Liberty is a North American oilfield services company that provides onshore oil and natural gas exploration and production companies with what it terms “innovative suites” of completion services and technologies. It offers high-quality hydraulic fracturing, engineering, and wireline services; in a nutshell, Liberty is a pure-play pressure pumping firm.
And that value proposition has served it well in recent times as was evident in the company’s latest quarterly report for 4Q22. Revenue increased by 78.4% year-over-year to $1.22 billion. Net income reached $153 million, improving on the $147 million generated in Q3. The result was fully diluted earnings per share of $0.82 and that led to a record fully diluted earnings per share of $2.11 for the full year.

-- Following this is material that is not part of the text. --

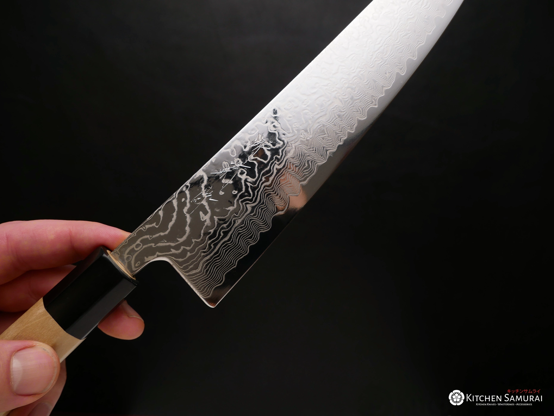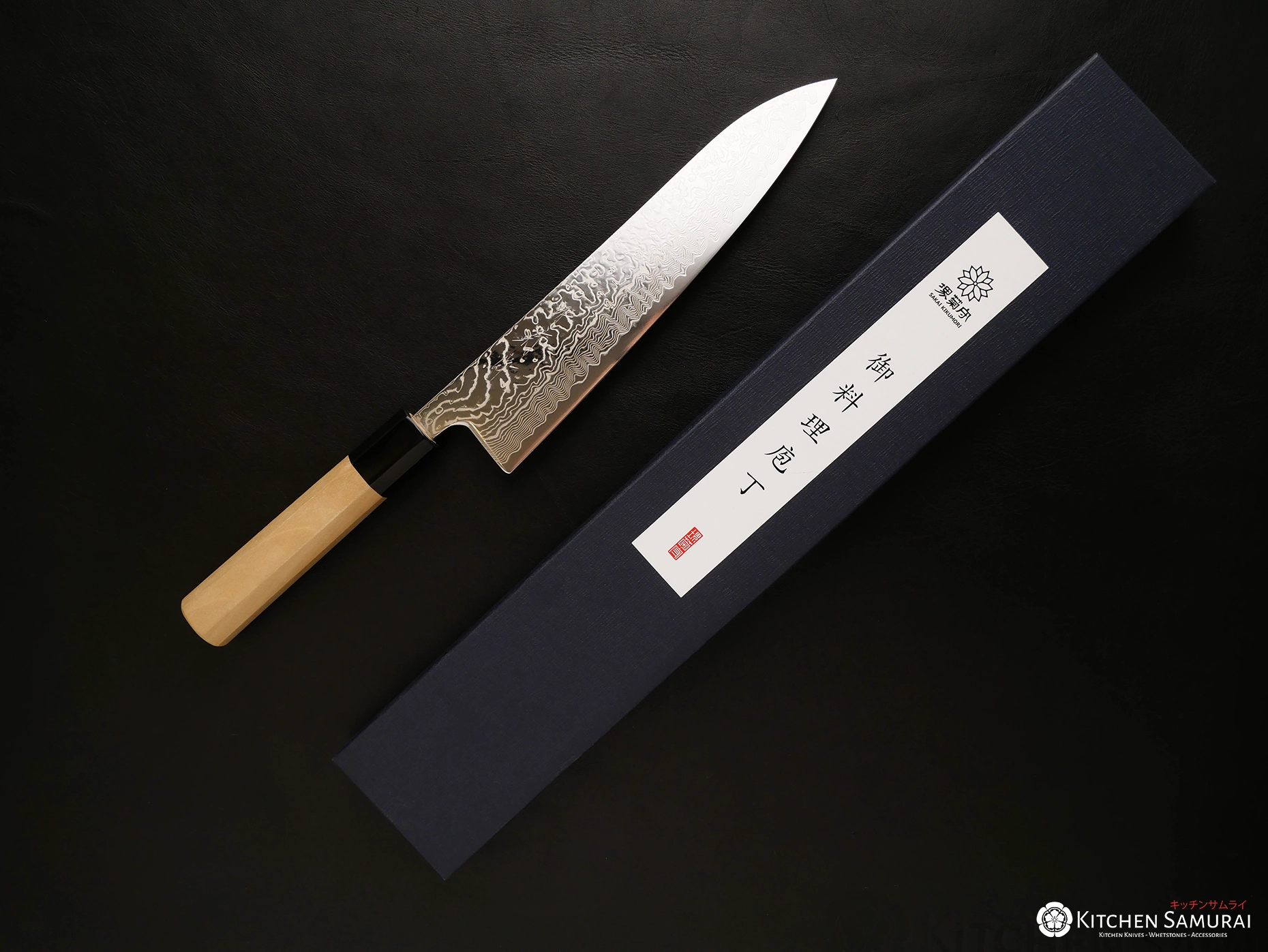 Gyuto (Chef’s) Knife (牛刀包丁 – pronounced: Gyūtō Bōchō) literally translated from Japanese means ‘Cow Blade’. ‘Gyu’ means Cow and ‘to’ means blade. The name stems from its original use to slice and disjoint large cuts of beef. These days the Gyuto is comparable to the Western-styled chef knife and is viewed as an all-rounder in the kitchen.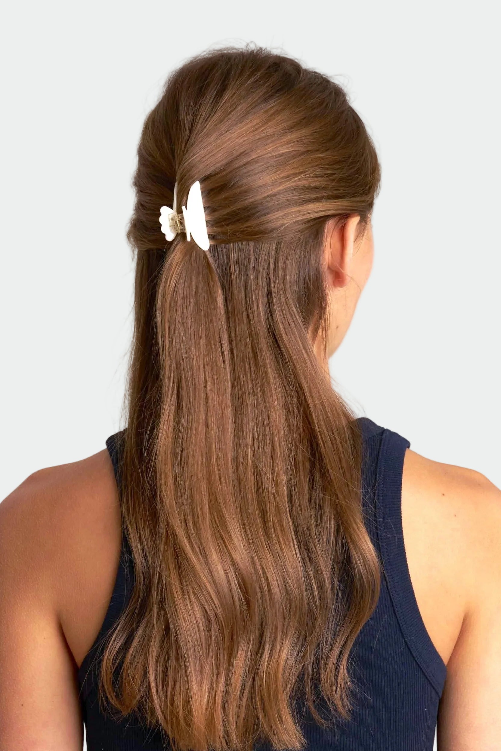 Du vet den där lilla klämman man alltid vill ha nära? Här är just en sån – en liten hårklämma som är perfekt för en enkel halvuppsättning.

In further pleasing news, the company raised its existing share repurchase authorization to $500 million, an increase from the $250 million originally authorized when the program began in July.
With the profitability profile established, turning to Blackrock’s involvement, the fund giant currently owns 13,292,031 shares, amounting to a 7.3% stake in LBRT, and worth over $203 million at the current share price.

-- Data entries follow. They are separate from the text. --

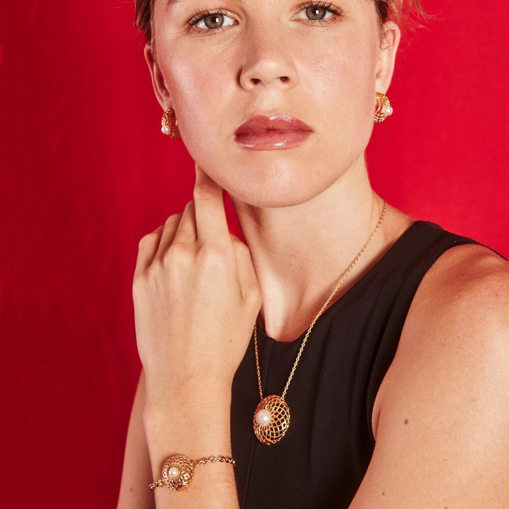 Описание Золотой браслет с жемчугом Majorica Etna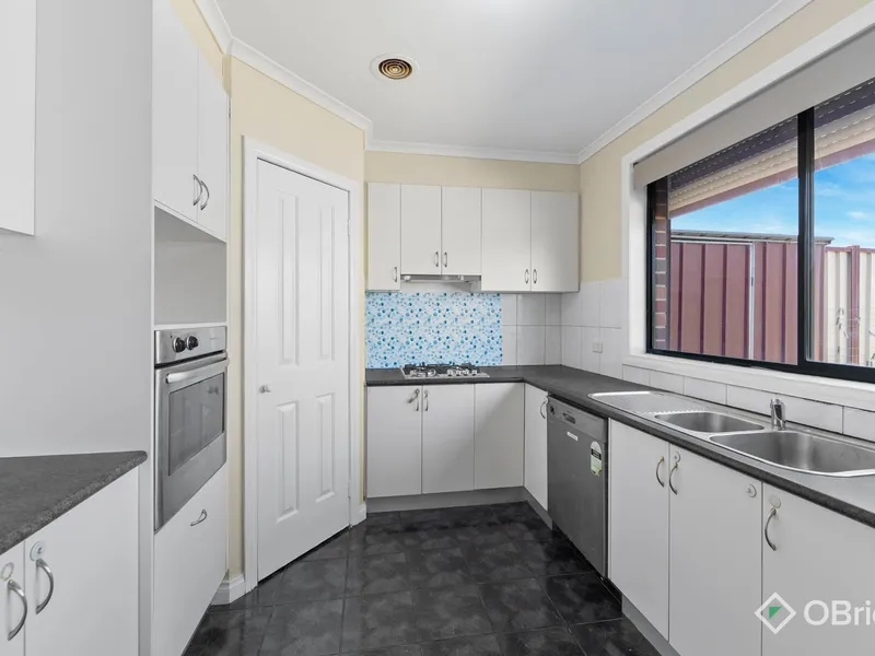Inside, you will find a spacious, light-filled living area that creates a warm and welcoming environment for relaxing or entertaining. The kitchen is generously sized and thoughtfully designed, featuring an integrated fridge, dishwasher, and a large island stone benchtop that provides additional cupboard storage, making it both highly functional and perfect for everyday cooking. All three bedrooms are generously sized and feature mirrored built-in robes, providing excellent storage while enhancing the sense of space and light.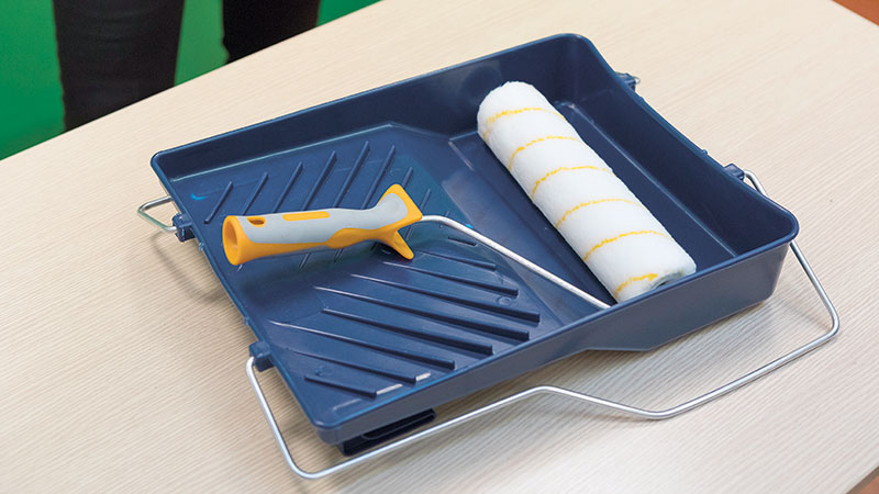 - Leg al het nodige materiaal klaar alvorens te beginnen: verfrol, borstel voor de randen, verfbak en -rooster, roerstaaf, eventueel een haak om de verfpot op te hangen en doeken.

Weighing in from Stifel, 5-star analyst Stephen Gengaro highlights the various reasons investors should get behind this stock with a ‘compelling valuation.’

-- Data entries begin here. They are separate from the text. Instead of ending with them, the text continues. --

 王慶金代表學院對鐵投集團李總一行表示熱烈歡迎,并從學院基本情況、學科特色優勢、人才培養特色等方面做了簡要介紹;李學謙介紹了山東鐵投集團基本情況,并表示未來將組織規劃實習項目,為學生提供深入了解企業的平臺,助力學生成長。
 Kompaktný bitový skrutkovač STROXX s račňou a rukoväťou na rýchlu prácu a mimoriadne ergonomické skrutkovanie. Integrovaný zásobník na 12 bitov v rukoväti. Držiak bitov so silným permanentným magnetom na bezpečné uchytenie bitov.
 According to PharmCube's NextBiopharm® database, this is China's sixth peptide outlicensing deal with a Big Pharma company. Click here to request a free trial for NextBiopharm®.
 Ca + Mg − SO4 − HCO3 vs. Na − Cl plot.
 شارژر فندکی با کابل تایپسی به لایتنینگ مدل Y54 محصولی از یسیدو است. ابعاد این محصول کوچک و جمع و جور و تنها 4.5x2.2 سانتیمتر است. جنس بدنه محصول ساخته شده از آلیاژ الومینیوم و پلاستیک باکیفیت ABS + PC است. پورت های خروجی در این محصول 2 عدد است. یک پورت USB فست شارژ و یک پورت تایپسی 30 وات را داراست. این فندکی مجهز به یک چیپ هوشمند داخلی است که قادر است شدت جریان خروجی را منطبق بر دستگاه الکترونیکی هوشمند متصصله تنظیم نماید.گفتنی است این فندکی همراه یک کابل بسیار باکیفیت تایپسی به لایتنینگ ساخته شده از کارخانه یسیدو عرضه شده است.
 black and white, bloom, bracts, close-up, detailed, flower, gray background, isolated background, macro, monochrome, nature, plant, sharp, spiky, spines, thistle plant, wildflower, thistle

“We believe rising U.S. completion activity in 2023 coupled with tight pressure pumping supply and demand fundamentals support strong growth for LBRT. We expect rising profitability, strong FCF, and an increase in cash returns to shareholders as LBRT executes its buyback program and distributes dividends. We believe the shares offer a compelling risk/reward trading at only 2.3x estimated 2023 EBITDA,” Gengaro opined.
Gengaro isn’t just predicting a strong future, he’s backing his stance with a Buy rating and a $28 price target that makes room for 12-month gains of a handsome 82%. (To watch Gengaro’s track record, click here)
Most on the Street agree with that thesis; barring one fence sitter, all 5 other recent analyst reviews are positive, making the consensus view here a Strong Buy. (See LBRT stock forecast)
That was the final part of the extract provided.